First of all, there are several types of governing documents used by the HOA. While every development is different, the documents typically referred to are the following:
- Articles of Incorporation
- The Bylaws
- CC&R’s (Declaration of Covenants, Conditions and Restrictions)
- Rules and Regulations
Next, let’s take a look at each one in more detail to help you as a potential buyer or owner interested in property development. Or, if you’re interested in running as a member of the HOA board within your community, having a basic understanding of how to utilize these documents – we’re confident the information here will be a great benefit to you.
Articles of Incorporation:
Before the property of a condominium complex or planned community is sold, the developer forms what is called a Condominium Association or Homeowners’ Association to effectively run it. By purchasing property within that community, you become a member of the development association automatically.
The Articles of Incorporation are formed for a nonprofit organization with the Secretary of State within the state where the development is located, thereby forming the Association.
The Articles of Incorporation contain basic information about the community’s association like the name, location and purpose. Generally, there is no need for a buyer or property owner to review the Articles, but they are necessary in order for the Homeowners Association to be formed properly.
Once the Association is formed, a set of bylaws is adopted. These are important because they describe just how the Association is to be run, includes voting rights and procedures, and contain rules for things like how to organize a meeting and how often meetings should be held.
The bylaws are a description of the rights and responsibilities of the Association. An Association is made up of board members often referred to as a ‘Board”. They are a group of homeowners elected by the membership at large during period elections. The bylaws specify the procedures for Board member elections and the length of time for which a Board member may serve.
In addition to information regarding the Board, the bylaws also contain the rules and regulations to be enforced in regard to creating an annual budget and determining assessment collections. It’s important as a homeowner to be familiar with your HOA bylaws and how the Association functions. You may be surprised to learn that the Association can hold meetings or remove a member of the Board without notifying the homeowners – per your community’s specific rules and regulations.
CC&R’s (Declaration of Covenants, Conditions and Restrictions):
The CC&R’s represent the bulk of what is considered to be the governing documents of an HOA. They are the most comprehensive and contain the most information regarding the community development and overall operations. If there is ever a discrepancy between any other governing document and the CC&R’s, the CC&R’s take precedence and whatever the conflicting provisions are become invalid.
The Declaration of Covenants, Conditions and Restrictions is a lengthy document that addresses the overall structure of the development, specifics as to what land is subject to operation within the guidelines of the governing documents and what parts of the community are considered to be common areas owned by the HOA.
The CC&R’s also specify the Homeowners Association’s right to enforce and define the roles and responsibilities of each member. All owners must comply with the rules, restrictions, limitations, conditions and terms found within the CC&R’s. As an owner or potential member of an Association, reviewing the CC&R’s will provide insight into your rights and responsibilities. For example, you may learn that your CC&R’s contain restrictions on having visible satellite antennas or that your lawn must be mowed once per week.

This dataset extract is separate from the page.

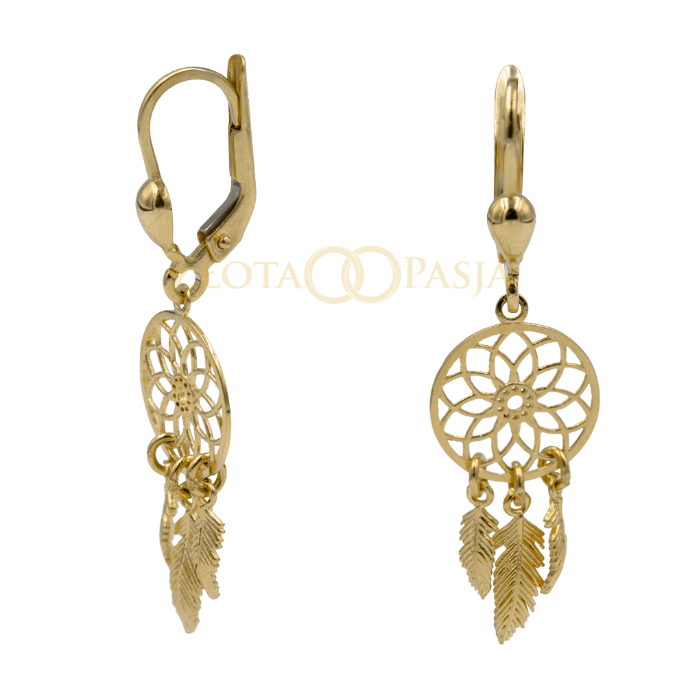 Kolczyki Złote Ażurowy Okrąg z Podpiętymi Trzema Piórami

Most CC&R’s also specify the procedure for amendments or changes to the community and how the original terms have been modified, especially for a development that is older. Generally, state law requires the CC&R’s to be recorded in the county where the community is located, and a copy of the CC&R’s must be provided to an owner or potential owner prior to making a purchase within the development.
Rules and Regulations:
Some general rules and regulations may be included within the CC&R’s, but the HOA often creates a separate and more specific rules and regulations. The Association’s discretion to implement a rules and regulations document may be contingent upon state or federal law and must not conflict with the terms of the CC&R’s.
The rules and regulations provide specific details regarding things like trash in yards, prohibiting cars being parked along the street after dark, the number of swimmers allowed in the pool or the height limit of a fence. Because the Association is there to do what’s best for the community and the common good to maintain value in the development, these rules and regulations can sometimes create controversy and may be the cause of disputes between the HOA and the members.

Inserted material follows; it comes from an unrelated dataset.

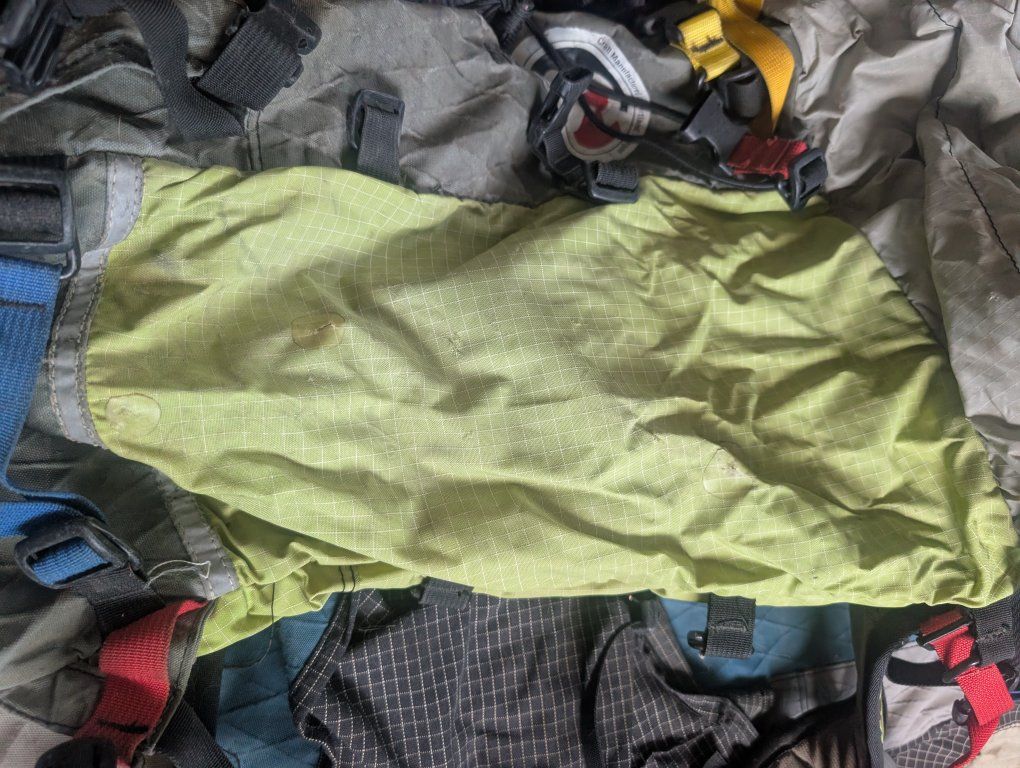 Cilogear 30:30 - super popular as a climbing pack. plenty of space in a narrow frame. Cilo 30 - some smaller holes in the sides don't affect functionality too much Cilo 60 - well worn, still works, definitely seen some days Mammut ski/climbing pack: also well worn, still functional Blue Ice Kume 30 - great backcountry ski pack. Awesome shape. Osprey Mutant 38L - beat to heck but you could always use it and get it replaced by Osprey. Great climbing pack. REI Flash 18 - perfectly functional

A potential buyer should familiarize themselves with the rules and regulations in order to have a clear understanding of whether or not they can live by them before purchasing a home in the development. If owners are not allowed to have dogs over 20 pounds, it would be quite devastating to realize you won’t be able to take your beloved Labrador to your new home, for example.
As a general rule, if you have questions or concerns about the governing documents of your current or future Association, contact your community representative. Trying to make sense of being a homeowner in a planned community can be overwhelming and vary from state to state, but having a clearer picture of what you need to know can make your experience much more pleasant.